Exercise details:
Return the material below exactly, but only from the line with "-Входно антре с" through the line with "台北國際動漫節採兩階段售票,第一階段預售於 12 月", and without its pictures.

Data:
----------
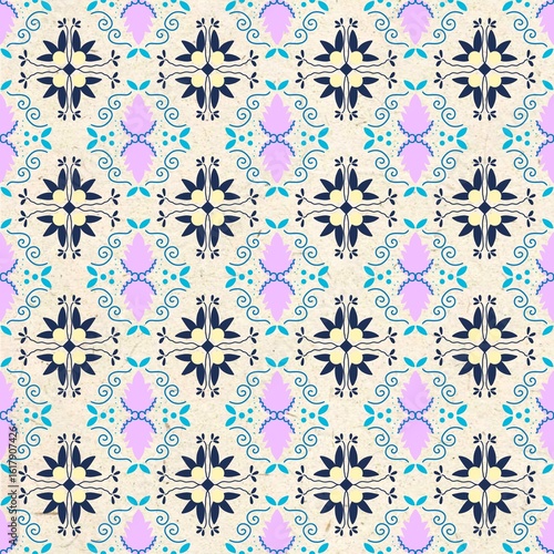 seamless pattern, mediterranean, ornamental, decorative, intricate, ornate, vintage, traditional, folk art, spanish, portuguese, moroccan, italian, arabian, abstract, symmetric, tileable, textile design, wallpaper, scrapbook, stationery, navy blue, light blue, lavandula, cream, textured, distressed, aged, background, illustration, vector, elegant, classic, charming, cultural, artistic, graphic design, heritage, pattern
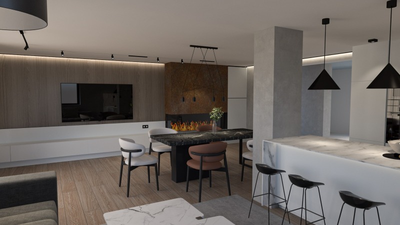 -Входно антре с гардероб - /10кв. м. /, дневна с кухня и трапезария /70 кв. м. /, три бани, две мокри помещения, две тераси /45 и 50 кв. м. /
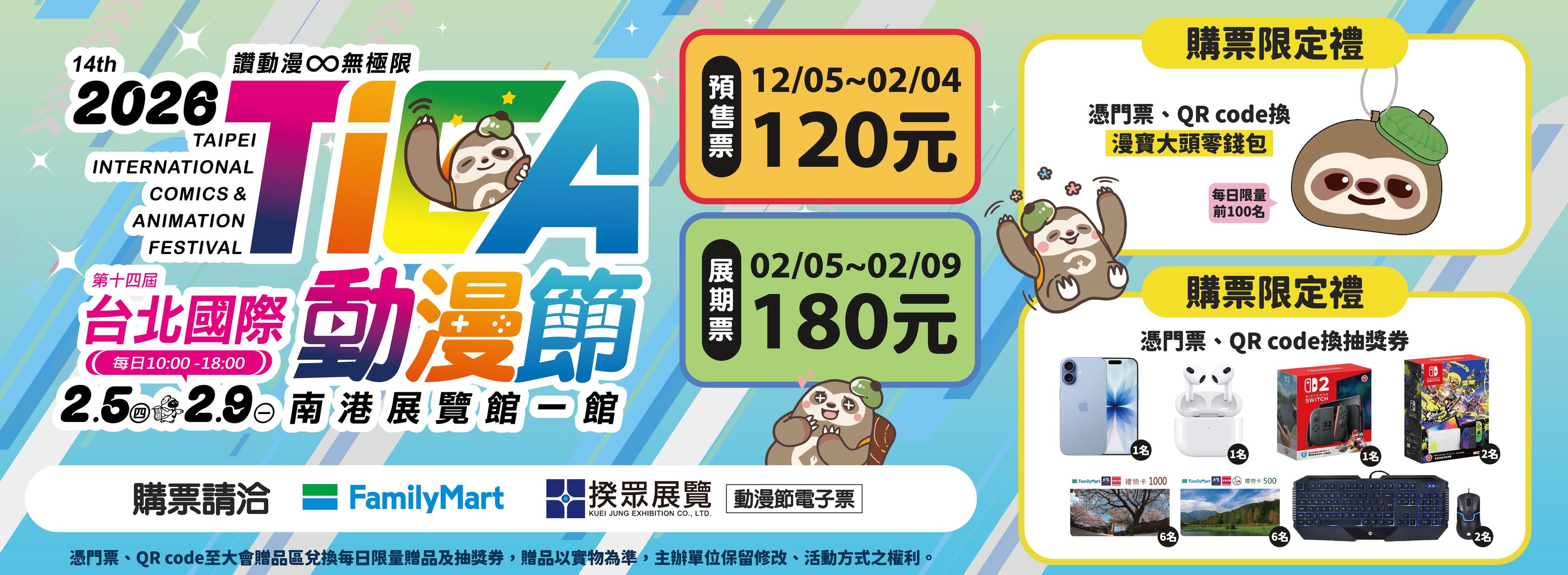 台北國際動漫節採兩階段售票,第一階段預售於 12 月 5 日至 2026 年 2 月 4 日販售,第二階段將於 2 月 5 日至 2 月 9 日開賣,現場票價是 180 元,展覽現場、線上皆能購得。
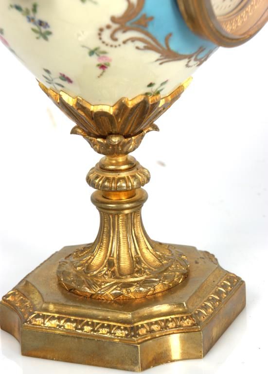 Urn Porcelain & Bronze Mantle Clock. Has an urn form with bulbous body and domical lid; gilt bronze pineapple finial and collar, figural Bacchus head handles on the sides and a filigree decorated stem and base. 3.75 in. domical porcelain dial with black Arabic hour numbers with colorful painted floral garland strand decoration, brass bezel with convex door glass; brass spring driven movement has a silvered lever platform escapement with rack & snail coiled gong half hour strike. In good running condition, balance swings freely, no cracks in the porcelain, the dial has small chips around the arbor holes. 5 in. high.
----------
Answer to this problem:
 -Входно антре с гардероб - /10кв. м. /, дневна с кухня и трапезария /70 кв. м. /, три бани, две мокри помещения, две тераси /45 и 50 кв. м. /
 台北國際動漫節採兩階段售票,第一階段預售於 12 月 5 日至 2026 年 2 月 4 日販售,第二階段將於 2 月 5 日至 2 月 9 日開賣,現場票價是 180 元,展覽現場、線上皆能購得。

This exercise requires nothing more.